After an 0-24 campaign last winter, the Bulldogs are embracing a developmental mindset as they work toward becoming a more competitive program in one of the toughest districts in the state.
With no seniors on the roster, the Bulldogs return every player from last year’s squad and add several new contributors. McKinney says that continuation—and the unavoidable youth that comes with it—will shape the identity of this season.
“The biggest thing for us this season is just playing the long game as we don’t have any seniors,” McKinney said. “We’re going to return everybody. We are a young group, an inexperienced group… We need to be a better team by the end of the year than we are right now. I think we will be. It’s just going to take some time.”
Red Boiling Springs competes in a district McKinney calls “one of the best around,” home to perennial powers Jackson County and Pickett County—both state title contenders almost every year.
“There will likely be a team from our district who will win state, and that’s just how it is,” McKinney noted. “We will be inexperienced, but I think we will get better as the season progresses. There’s no substitute for experience.”
The Bulldogs will rely heavily on their size in the post, led by 6-3 center Josh Laws, a transfer from Lafayette who brings untapped potential.
“He doesn’t have a lot of experience, but he has skill and we are trying to develop him,” McKinney said.
Alongside him will be 6-2 center Gage Haskins, who became eligible late last season.
The backcourt, McKinney admits, remains a question mark.
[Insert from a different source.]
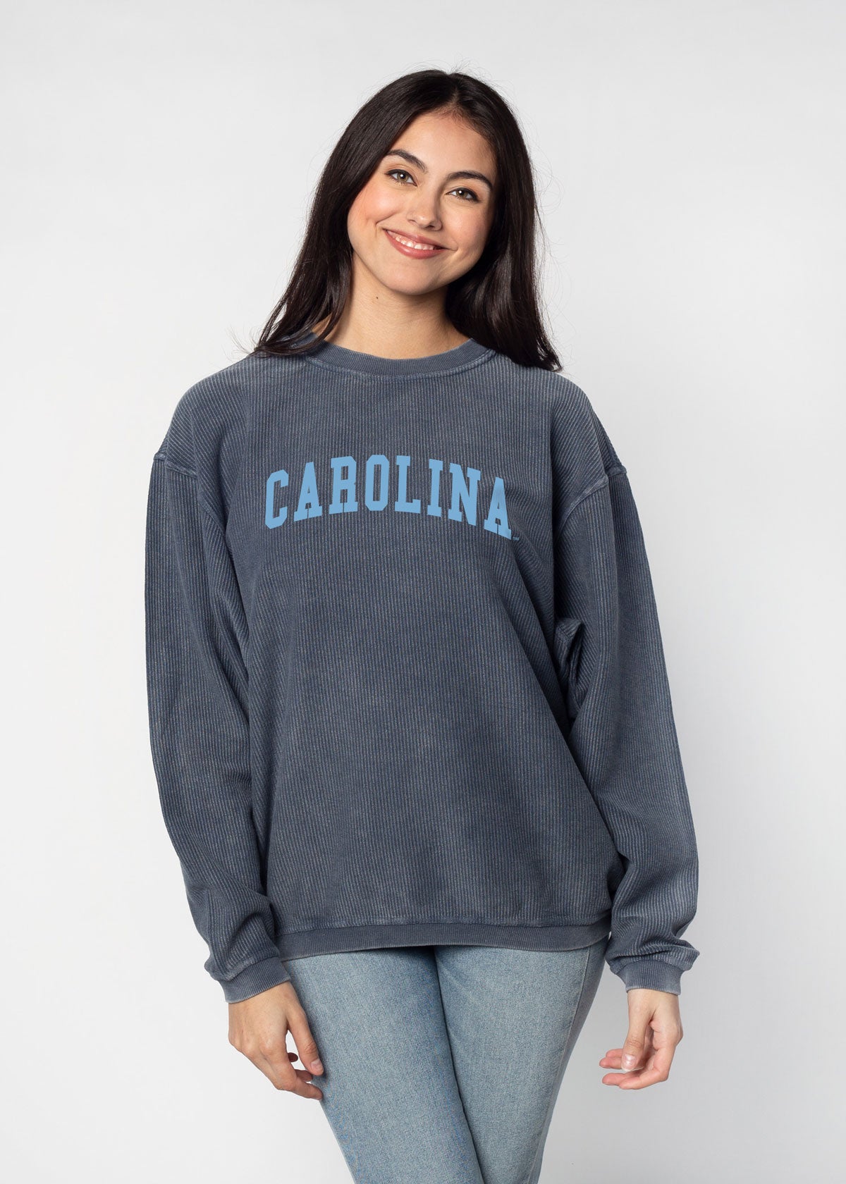 Our best seller! The oversized North Carolina Tar Heels Corded Crew sweatshirt features a super soft, vintage wash corded fabric. Ribbed crew neckline, cuffs, and hemline. Each piece is individually dyed, so please note there may be variation in color piece to piece. Sometimes, there can be a light streak at the shoulder due to the unique dye process, which is common.

Sophomore Michael Murphy will shift from small forward to point guard after starting every game last year.
“It’s just going to be tough, but it will help him down the road,” McKinney said.
Sophomore Hayden Gentry has shown significant improvement, while Brandon Halliburton, who returns to basketball after not playing last season, adds shooting range the Bulldogs desperately need.
“He’s one of the purest shooters I’ve seen,” McKinney said. “If he’s open, he will typically make shots.”
With the majority of the roster consisting of freshmen and sophomores, McKinney says his players are facing a level of responsibility most underclassmen never experience.
“Most freshman and sophomores are playing JV games and clapping on the sidelines, but our guys are thrown into it and it’s a trial by fire,” he said. “One thing I have been pushing is taking ownership.”
The Bulldogs open their season at home against Oak Ridge Christian, a team that defeated them last season. They will then compete in the Monterey Thanksgiving Tournament, where a second-round matchup with York Institute is expected to test the young group early.
“We have a tough schedule,” McKinney said. “I’m really looking forward to seeing the growth of this team over this season,” McKinney said.
The Bulldogs have transitioned to a more motion-based offense designed to encourage movement and ball sharing. McKinney said the team showed encouraging signs in a recent scrimmage.
“We had good ball movement and were able to put up some baskets,” he said. “Our guys are starting to learn and see the game differently.”
Still, the focus remains on building the fundamentals—passing, catching, shooting, ball-handling, rebounding—and learning from inevitable mistakes.
Wins and losses may not tell the whole story for the 2024-25 Bulldogs. For McKinney, improvement is the barometer.
“It’s really more of the fact that we need to be a better team by the end of the year than we are right now,” he emphasized.
With youth, size, and a long-term vision, the Bulldogs enter the season determined to take steps forward—one game, one practice, and one lesson at a time.